このような新たな機能は、ユーザーが製品を使っている間に見つかった課題に対して、解決策をユーザーに早く届けることが重要である(アジャイル開発)。そして、ユーザーに届いた製品の対価に加え、サービスモデルとして新たに提供した機能への対価をサブスクリプションとしていただくことになるため、事業創出開発スピードやビジネスモデルを今までの考え方と大きく変えていく必要がある。朝日氏はこれを「技術マインドセットの変革」として、2023年4月に同氏がセンター長を務めるDXイノベーションセンターを設立し、全社体制での活動を実施している。
三菱電機では、これまで、電力システム事業ではBLEnDer(ブレンダー)、ビルシステム事業はVille-feuille(ヴィルフィーユ)、空調・家電事業のLinova(リノバ)など、クラウドシステムを使ったプラットフォームを各事業本部がそれぞれに保有し、ここに機器からのデータを集約し、クラウドシステムから機能を提供する活動を実施していた。
しかし、ビジネスエリアを設けて、事業を横断的に取り組んでいこうとしているにもかかわらず、各事業本部がそれぞれ固有のシステムを保有していることによって各事業本部を超えたデータ流通がなかなか実現しないという課題があった。1つの施策として全てのクラウドシステムを統合することも検討したが、それぞれの事業に特化しているために難しかった。
そこで、事業の縦割り(サイロ化)の弊害を解決するため、新しい考え方として、Serendie(セレンディ)を導入した。「各クラウドにたまっているデータや機能を一度各クラウドから集めて、これらを共有するという活動をSerendieの名のもとに取り組んでいる」(朝日氏)とする。これによって、例えばファクトリーオートメーションと電力を組み合わせて、カーボンニュートラルに寄与する工場での生産全体の最適化を提案する、交通と電力を組み合わせて省エネ化に寄与する鉄道向けソリューションを開発する、といったことが可能となる。また、顧客だけでなくパートナーともさまざまな連携ができるというメリットもある。

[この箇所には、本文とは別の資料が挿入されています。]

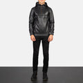 Kenton Hooded Black Leather Pullover Jacket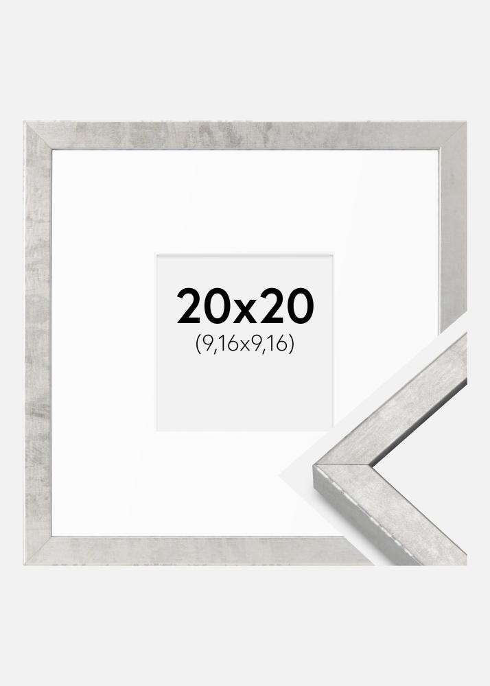 Cadre Ares Argent 20x20 cm - Passe-partout Blanc 4x4 inches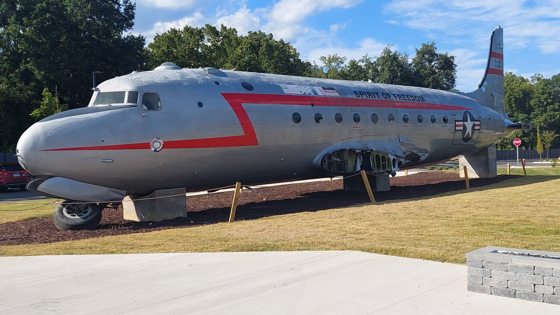 Next, we walked two blocks to the new brewery/entertainment complex. Our pictures cannot fully capture the magnitude of the new 44,140 square-foot brewery and distillery. The multiplex includes a full-service restaurant, a retail store, a drive-through coffee shop, and a large outdoor pavilion with a lawn. This is a BIG place! The centerpiece is the massive Hangar Bar that includes a very high ceiling (like a hangar), two jumbotron-like screens for sports, a large central bar, and a performance stage. On the west side of the lawn sits a wingless Douglass C-54 World War II airplane called “Spirit of Freedom,” which has a significant history dating back to the Berlin Airlift of 1948 (you can learn more about it here).

Serendieは、Serendipity(偶然の巡り合いがもたらすひらめき)と、Digital Engineeringを掛け合わせた造語。三菱電機は、多様な人財との出会いとさまざまなデータを基に得られた新たな気付きから、技術力と創造力により、将来に向けた新たな価値の持続的な創出を図り、結果的に顧客、パートナーとともに、活力とゆとりのある社会の実現に貢献することを目指している。Serendieはクラウドのデータなどを集める(デジタルプラットフォーム)だけでなく、技術基盤、共創基盤、人財基盤、プロジェクト推進基盤の4つの基盤(インフラストラクチャ)から構成される。